WHAT THIS TASK INVOLVES »
Restate word for word the entries below, starting at the line with "CERANO - Sprchový" and ending at the line with "Pieds antérieurs gainés, formant". Keep both end lines and omit the pictures.
** Opening PROVIDED DATA block **
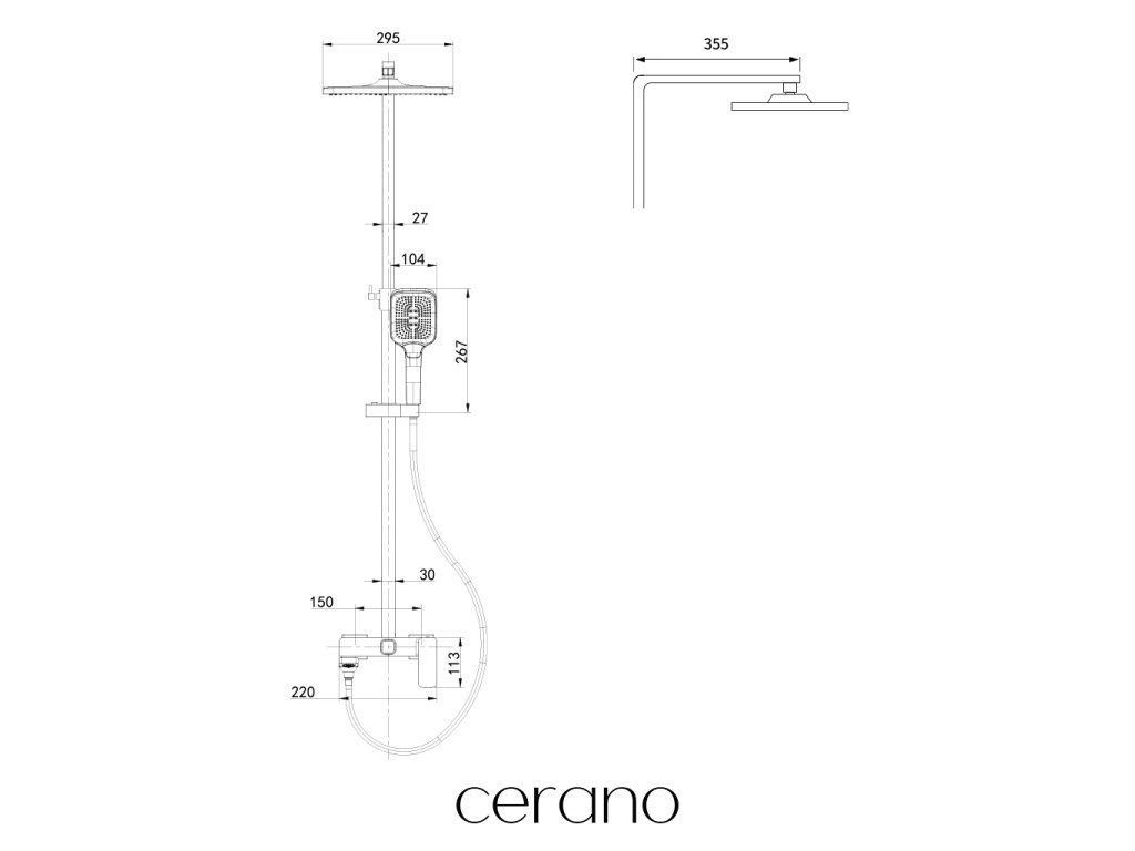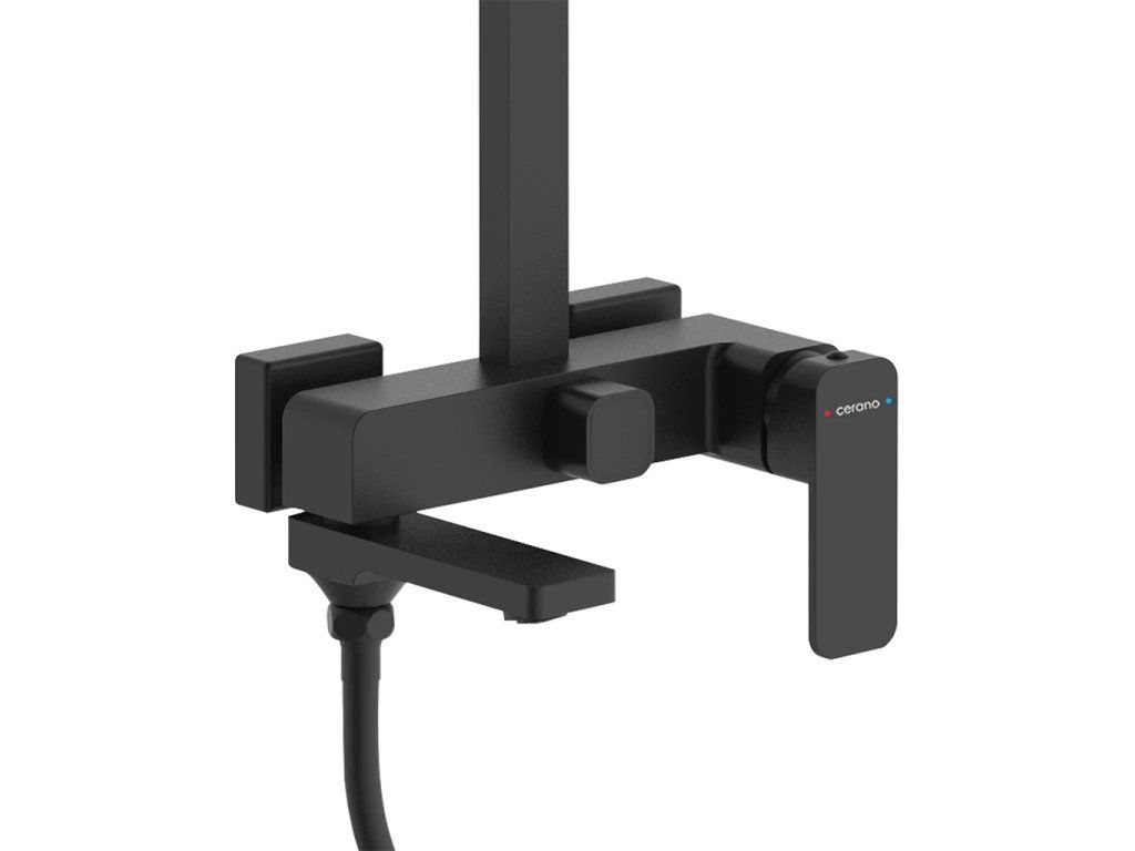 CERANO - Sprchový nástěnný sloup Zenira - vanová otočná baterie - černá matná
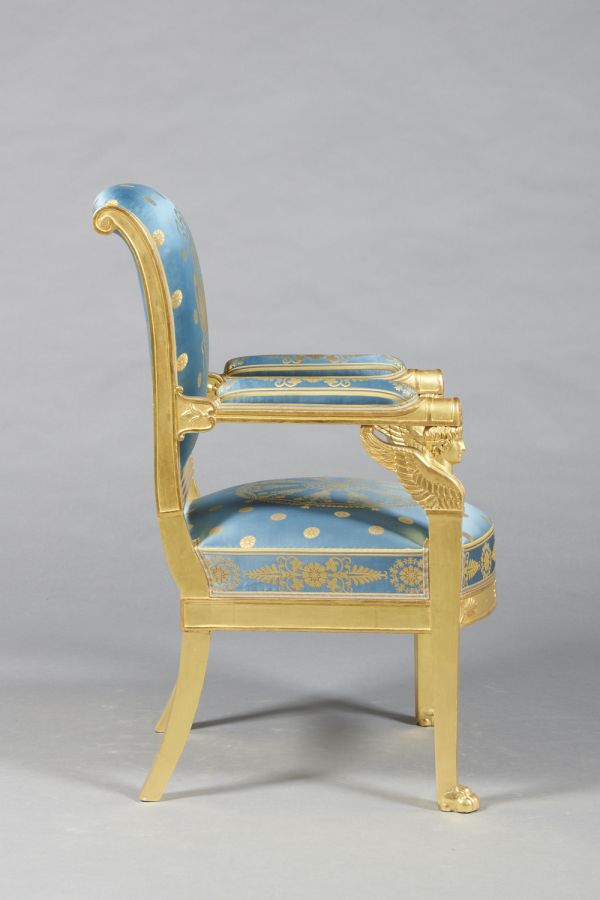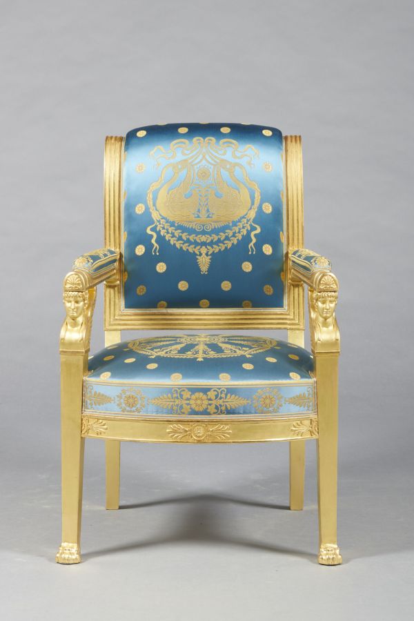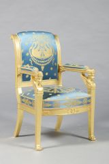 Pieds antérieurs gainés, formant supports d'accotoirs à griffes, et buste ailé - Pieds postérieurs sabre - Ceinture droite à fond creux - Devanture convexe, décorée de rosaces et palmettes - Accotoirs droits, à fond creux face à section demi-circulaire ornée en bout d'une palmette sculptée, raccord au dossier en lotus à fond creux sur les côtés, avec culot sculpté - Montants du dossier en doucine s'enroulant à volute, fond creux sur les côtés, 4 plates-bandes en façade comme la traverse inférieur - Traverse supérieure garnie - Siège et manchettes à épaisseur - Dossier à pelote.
** Closing PROVIDED DATA block **
** Opening PROVIDED DATA block **
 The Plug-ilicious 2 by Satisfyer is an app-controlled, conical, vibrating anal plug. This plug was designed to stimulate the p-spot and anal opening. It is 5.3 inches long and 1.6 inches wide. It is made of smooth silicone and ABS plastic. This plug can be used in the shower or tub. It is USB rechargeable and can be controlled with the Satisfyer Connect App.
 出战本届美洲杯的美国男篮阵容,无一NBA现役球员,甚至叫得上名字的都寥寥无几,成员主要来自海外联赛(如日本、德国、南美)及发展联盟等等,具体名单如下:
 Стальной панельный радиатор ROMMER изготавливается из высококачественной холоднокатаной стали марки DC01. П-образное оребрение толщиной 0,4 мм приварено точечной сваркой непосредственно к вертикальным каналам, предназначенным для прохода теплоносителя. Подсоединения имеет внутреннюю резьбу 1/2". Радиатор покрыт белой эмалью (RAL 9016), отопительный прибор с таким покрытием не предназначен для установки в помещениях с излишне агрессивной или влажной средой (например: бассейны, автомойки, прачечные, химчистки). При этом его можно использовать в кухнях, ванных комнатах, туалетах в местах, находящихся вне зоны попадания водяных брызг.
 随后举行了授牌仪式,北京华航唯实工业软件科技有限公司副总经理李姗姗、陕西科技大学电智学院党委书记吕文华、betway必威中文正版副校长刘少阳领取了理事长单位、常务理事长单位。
** Closing PROVIDED DATA block **
RESULT OF THE EXERCISE »
 CERANO - Sprchový nástěnný sloup Zenira - vanová otočná baterie - černá matná
 Pieds antérieurs gainés, formant supports d'accotoirs à griffes, et buste ailé - Pieds postérieurs sabre - Ceinture droite à fond creux - Devanture convexe, décorée de rosaces et palmettes - Accotoirs droits, à fond creux face à section demi-circulaire ornée en bout d'une palmette sculptée, raccord au dossier en lotus à fond creux sur les côtés, avec culot sculpté - Montants du dossier en doucine s'enroulant à volute, fond creux sur les côtés, 4 plates-bandes en façade comme la traverse inférieur - Traverse supérieure garnie - Siège et manchettes à épaisseur - Dossier à pelote.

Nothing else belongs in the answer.